Problem to solve: Skip the pictures, please, and write out exactly the lines from the opening of the data through the line containing "Women's Floral Pattern".

Source material:
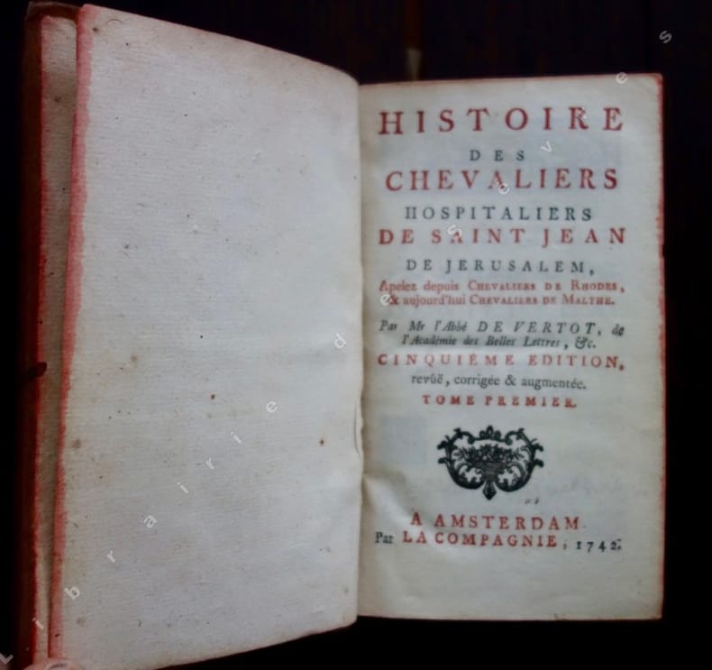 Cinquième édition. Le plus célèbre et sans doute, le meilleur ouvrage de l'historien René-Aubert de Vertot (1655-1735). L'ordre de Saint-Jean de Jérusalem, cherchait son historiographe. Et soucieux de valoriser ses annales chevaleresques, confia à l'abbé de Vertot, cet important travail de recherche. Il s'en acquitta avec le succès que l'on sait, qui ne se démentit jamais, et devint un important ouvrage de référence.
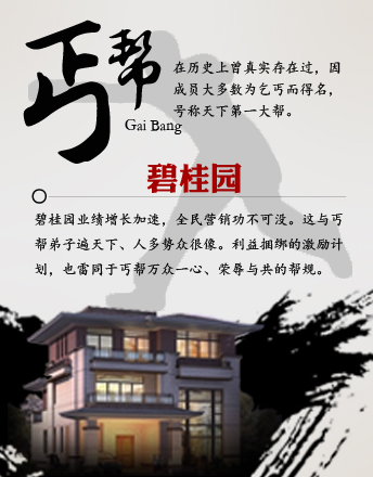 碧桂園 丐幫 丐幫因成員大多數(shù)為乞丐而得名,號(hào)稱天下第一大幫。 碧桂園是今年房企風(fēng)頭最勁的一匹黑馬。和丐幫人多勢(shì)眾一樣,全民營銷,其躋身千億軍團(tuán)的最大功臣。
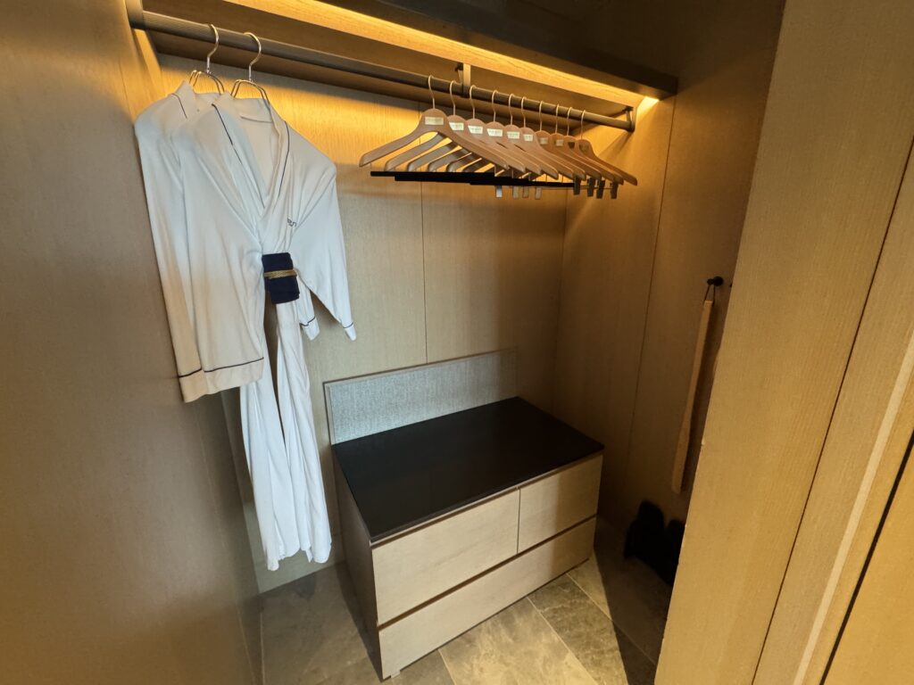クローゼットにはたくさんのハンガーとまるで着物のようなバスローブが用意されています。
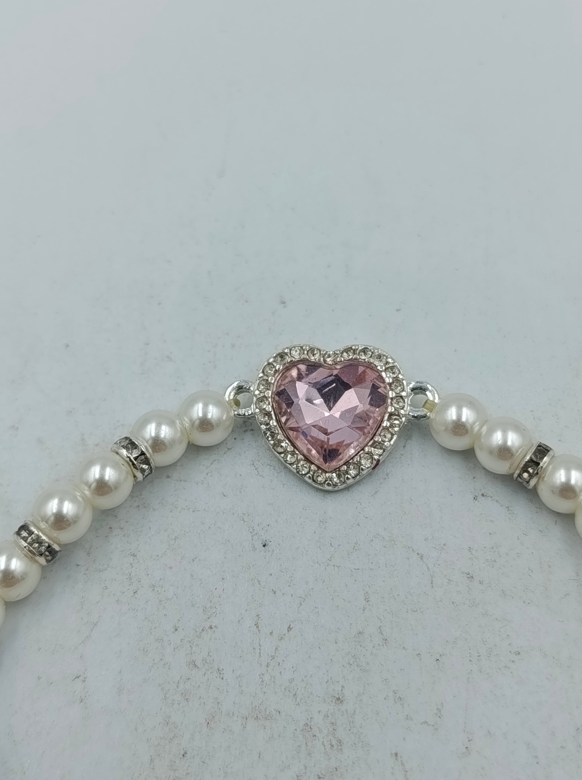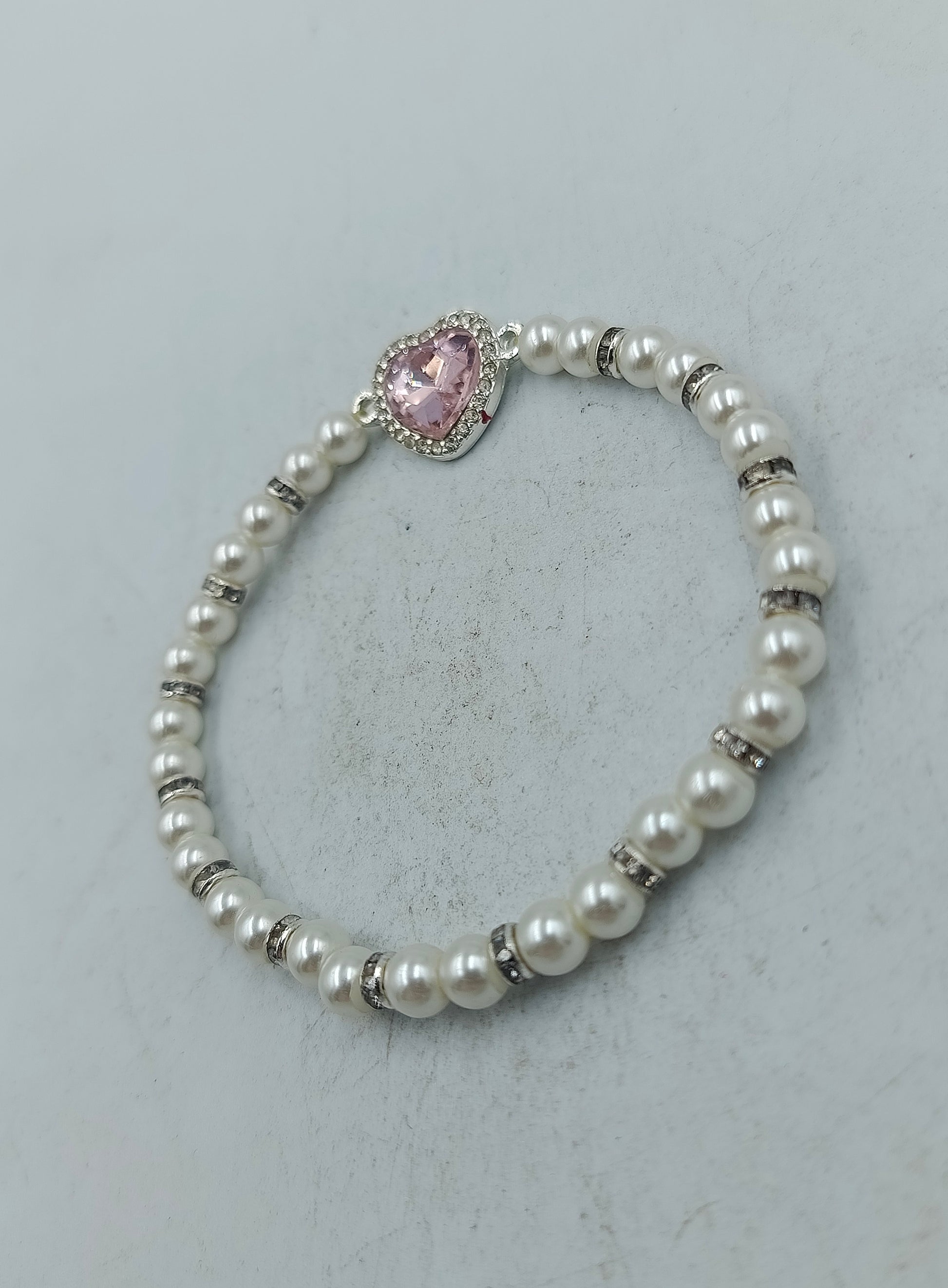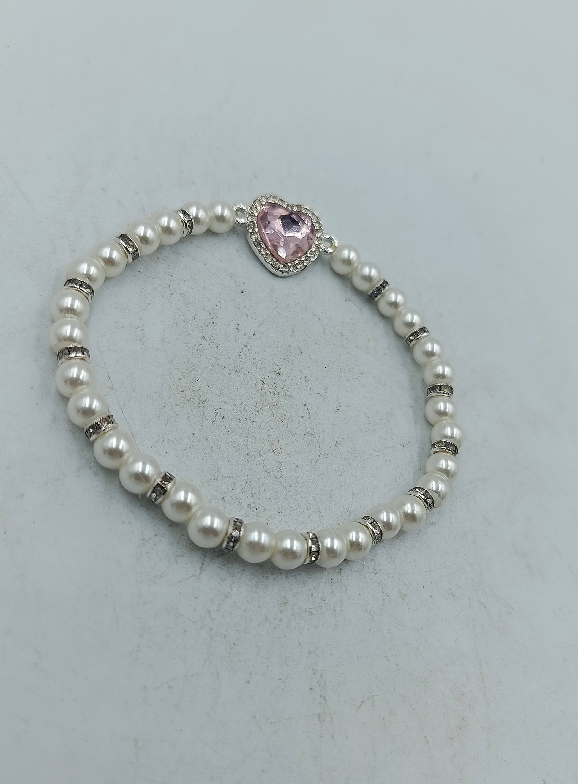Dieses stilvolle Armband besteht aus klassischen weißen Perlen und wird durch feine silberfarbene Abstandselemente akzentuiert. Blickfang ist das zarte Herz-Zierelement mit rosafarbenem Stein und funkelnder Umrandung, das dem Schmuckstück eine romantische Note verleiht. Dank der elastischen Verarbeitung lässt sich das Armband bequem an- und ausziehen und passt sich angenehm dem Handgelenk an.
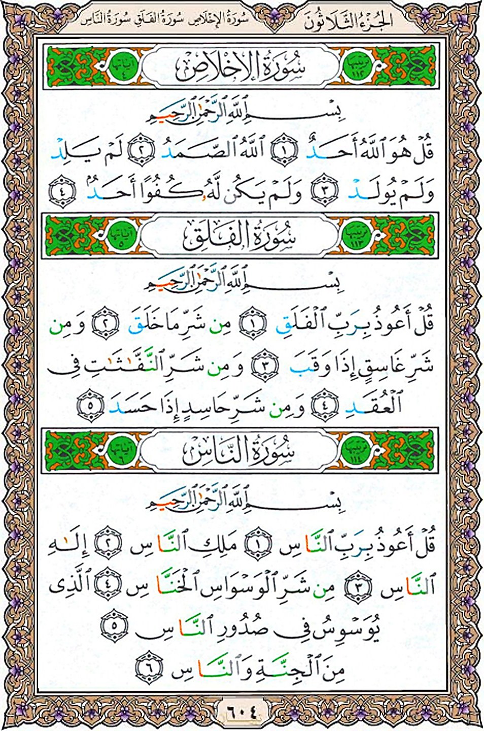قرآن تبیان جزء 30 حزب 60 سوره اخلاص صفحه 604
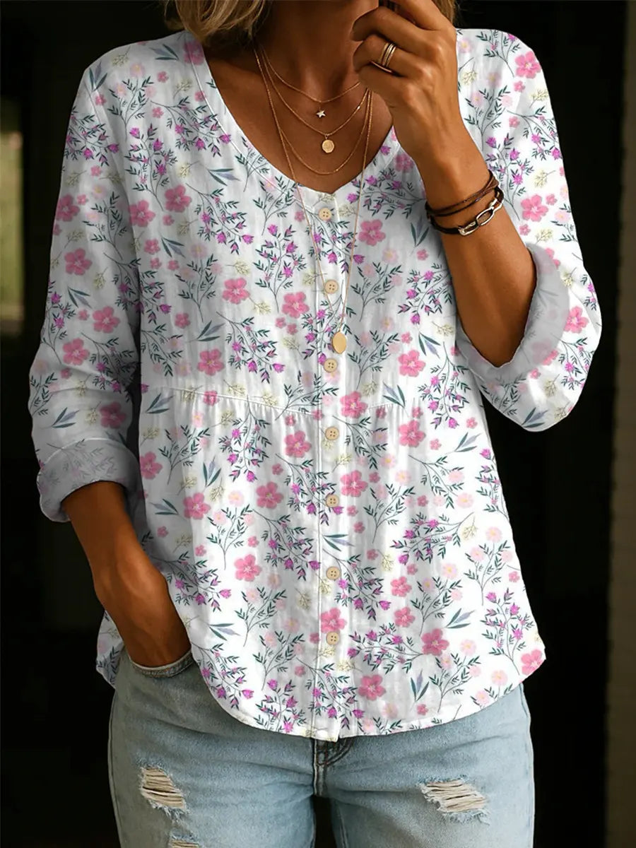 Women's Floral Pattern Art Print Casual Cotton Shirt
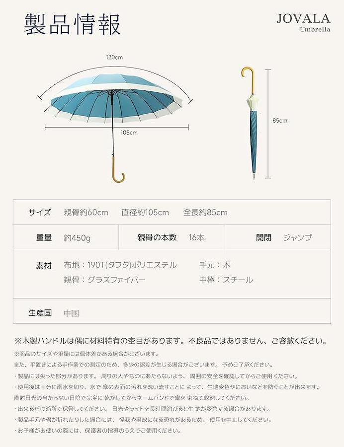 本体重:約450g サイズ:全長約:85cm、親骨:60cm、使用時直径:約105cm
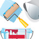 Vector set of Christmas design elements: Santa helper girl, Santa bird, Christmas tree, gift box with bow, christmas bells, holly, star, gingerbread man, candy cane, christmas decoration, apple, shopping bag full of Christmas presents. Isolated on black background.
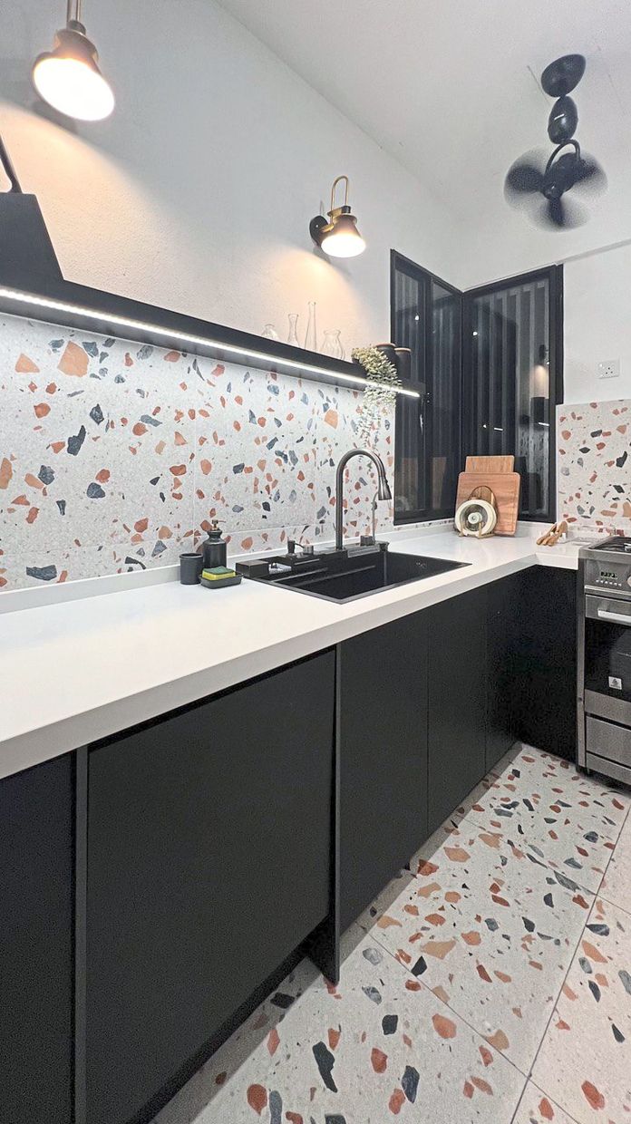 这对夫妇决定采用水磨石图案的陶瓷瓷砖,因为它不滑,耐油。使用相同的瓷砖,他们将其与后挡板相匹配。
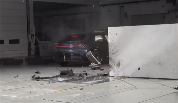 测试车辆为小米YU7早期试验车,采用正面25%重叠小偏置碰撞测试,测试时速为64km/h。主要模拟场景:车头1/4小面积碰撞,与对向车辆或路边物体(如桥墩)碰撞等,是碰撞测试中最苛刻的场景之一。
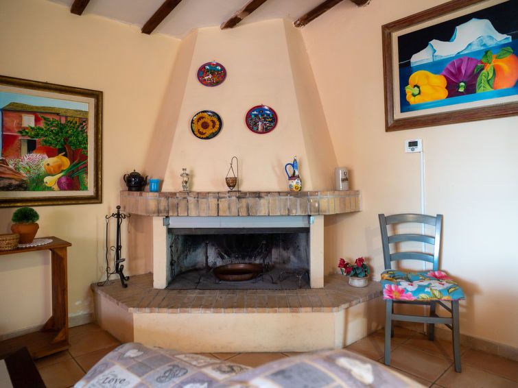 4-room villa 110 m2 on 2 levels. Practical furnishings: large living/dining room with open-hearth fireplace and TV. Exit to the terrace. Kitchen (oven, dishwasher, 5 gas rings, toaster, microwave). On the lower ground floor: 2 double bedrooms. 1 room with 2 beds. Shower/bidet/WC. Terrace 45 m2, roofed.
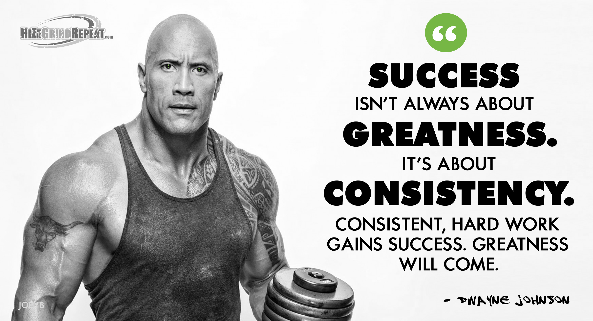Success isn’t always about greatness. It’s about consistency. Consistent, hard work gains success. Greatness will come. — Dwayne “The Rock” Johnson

Solution to the problem:
 Cinquième édition. Le plus célèbre et sans doute, le meilleur ouvrage de l'historien René-Aubert de Vertot (1655-1735). L'ordre de Saint-Jean de Jérusalem, cherchait son historiographe. Et soucieux de valoriser ses annales chevaleresques, confia à l'abbé de Vertot, cet important travail de recherche. Il s'en acquitta avec le succès que l'on sait, qui ne se démentit jamais, et devint un important ouvrage de référence.
 碧桂園 丐幫 丐幫因成員大多數(shù)為乞丐而得名,號(hào)稱天下第一大幫。 碧桂園是今年房企風(fēng)頭最勁的一匹黑馬。和丐幫人多勢(shì)眾一樣,全民營銷,其躋身千億軍團(tuán)的最大功臣。
クローゼットにはたくさんのハンガーとまるで着物のようなバスローブが用意されています。
Dieses stilvolle Armband besteht aus klassischen weißen Perlen und wird durch feine silberfarbene Abstandselemente akzentuiert. Blickfang ist das zarte Herz-Zierelement mit rosafarbenem Stein und funkelnder Umrandung, das dem Schmuckstück eine romantische Note verleiht. Dank der elastischen Verarbeitung lässt sich das Armband bequem an- und ausziehen und passt sich angenehm dem Handgelenk an.
قرآن تبیان جزء 30 حزب 60 سوره اخلاص صفحه 604
 Women's Floral Pattern Art Print Casual Cotton Shirt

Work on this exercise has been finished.